Charming Accessories, Inc., sold a total of 32 headbands. If the headbands were sold at a price of $2 each, what is the total revenue? $64 $16 $34 $30

$64 Total revenue = Quantity × Price. The solution to the equation is 32 × $2 = $64.

When the increase in price for a new video game is 10%, the increase in quantity supplied of that new video game is 10%. What is the price elasticity of supply for that video game? 100 20 1 10

1 Price elasticity of supply = Percentage change in quantity supplied/Percentage change in price. The solution to the equation is 10%/10% = 1/1 = 1.

Lindsay recently received a 50% raise at her firm. As a result, her consumption of sushi increased by 25%. What is Lindsay's income elasticity of demand for sushi? 1 2 1/2 1/4

1/2 Income elasticity of demand = Percentage change in quantity demanded/Percentage change in income.

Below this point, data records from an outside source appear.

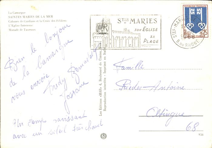 old postcard Spanien Stes Maries de la Mer Rinder Wappen postalisch gelaufen Erhaltung siehe scans
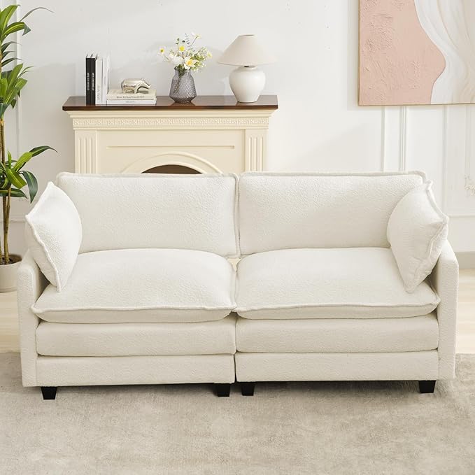 ROWHY Modular Loveseat Sectional Sofa, 78" Upholstered Loveseat, 2 Deep Seat Sofa Couch with 2 Throw Pillows for Small Space, Modern Comfy Cloud Couch for Living Room, Chenille, Beige
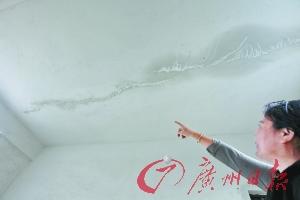 张阿姨指着楼顶漏水处。广州日报记者高鹤涛 摄
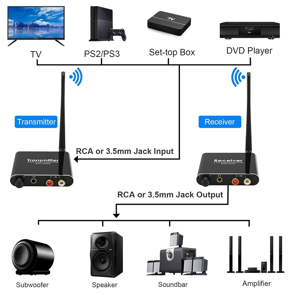 No Delay Audio Transmitter: Wireless Transmitter-Receiver is designed with metal case, drop-proof and collision-proof, RCA and 3.5mm connectors provide more compatibility, which can easily connect to TV, DVD and transmit audio wirelessly to active stereo, soundbar and so on.
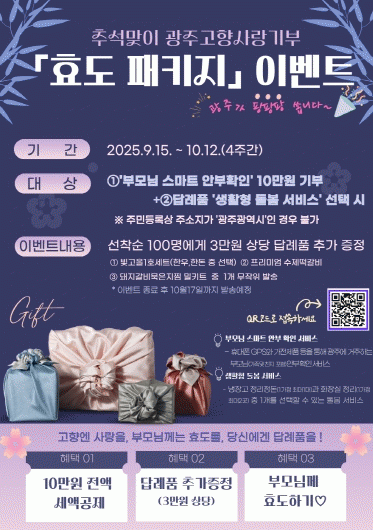 ±¤ÁÖ±¤¿ª½Ã´Â ¿À´Â 10¿ù12ÀϱîÁö °íÇâ»ç¶û±âºÎÁ¦ Âü¿©¸¦ µ¶·ÁÇÏ°í ºÎ¸ð´Ô µ¹º½¼ºñ½º ÀÌ¿ëÀ» Àå·ÁÇϱâ À§ÇØ ¡®Ãß¼®¸ÂÀÌ È¿µµÆÐŰÁö À̺¥Æ®¡¯¸¦ ÁøÇàÇÑ´Ù.
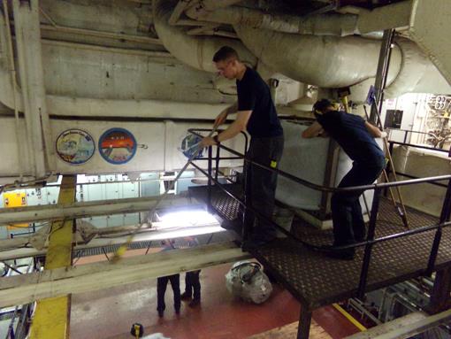 - 4/C Foelix and 4/C Farese scrubs soot build up off the I-Beams in the EOS flat of the engine room during engine maintenance. This is in preparation to paint the I-beams in the near future to prevent corrosion on any exposed metal.

The solution to the equation is 25%/50%, or 1/2.

If the price of coffee increases from $2.00 to $2.50 per cup, then what is the percentage change in price? −25% 25% 20% −20%

25% The solution to the equation is: [($2.50 − $2.00)/$2.00} × 100 = (0.5/2) × 100 = 0.25 × 100 = 25%.

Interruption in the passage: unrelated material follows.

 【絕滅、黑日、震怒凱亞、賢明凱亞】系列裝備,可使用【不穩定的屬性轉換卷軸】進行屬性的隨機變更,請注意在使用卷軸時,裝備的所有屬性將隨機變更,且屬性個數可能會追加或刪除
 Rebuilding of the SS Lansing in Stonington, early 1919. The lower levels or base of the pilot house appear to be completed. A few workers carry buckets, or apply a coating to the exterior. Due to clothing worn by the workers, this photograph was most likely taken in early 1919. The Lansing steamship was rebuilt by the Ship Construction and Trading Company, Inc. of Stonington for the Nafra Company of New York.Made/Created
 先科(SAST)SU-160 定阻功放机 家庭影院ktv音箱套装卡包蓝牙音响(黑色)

When the increase in price for a new video game is 30%, the increase in quantity supplied of a new video game is 90%. What is the price elasticity of supply for that video game? 3 1/3 27% 60%

3 Price elasticity of supply = Percentage change in quantity supplied/Percentage change in price. The solution to the equation is 90%/30% = 3/1 = 3.

Price rises from $10 to $12, and the quantity demanded falls from 200 units to 100 units. Using the midpoint method, what is the price elasticity of demand between these two prices? 0.18 1.86 3.67 0.27

3.67 The solution is {(Q1 − Q1/0) / [(Q1 + Q0) / 2]} / {(P1 − P0) / [(P0 + P1) / 2]] = the absolute value of (100 − 200)/[(100 + 200)/2] divided by (12 − 10)/[(10 + 12)/2

When the increase in price for a new video game is 10%, the increase in quantity supplied of that new video game is 60%. What is the price elasticity of supply for that video game? 1/6 6 27% 60%

6 Price elasticity of supply = Percentage change in quantity supplied/Percentage change in price. The solution to the equation is 60%/10% = 6/1 = 6.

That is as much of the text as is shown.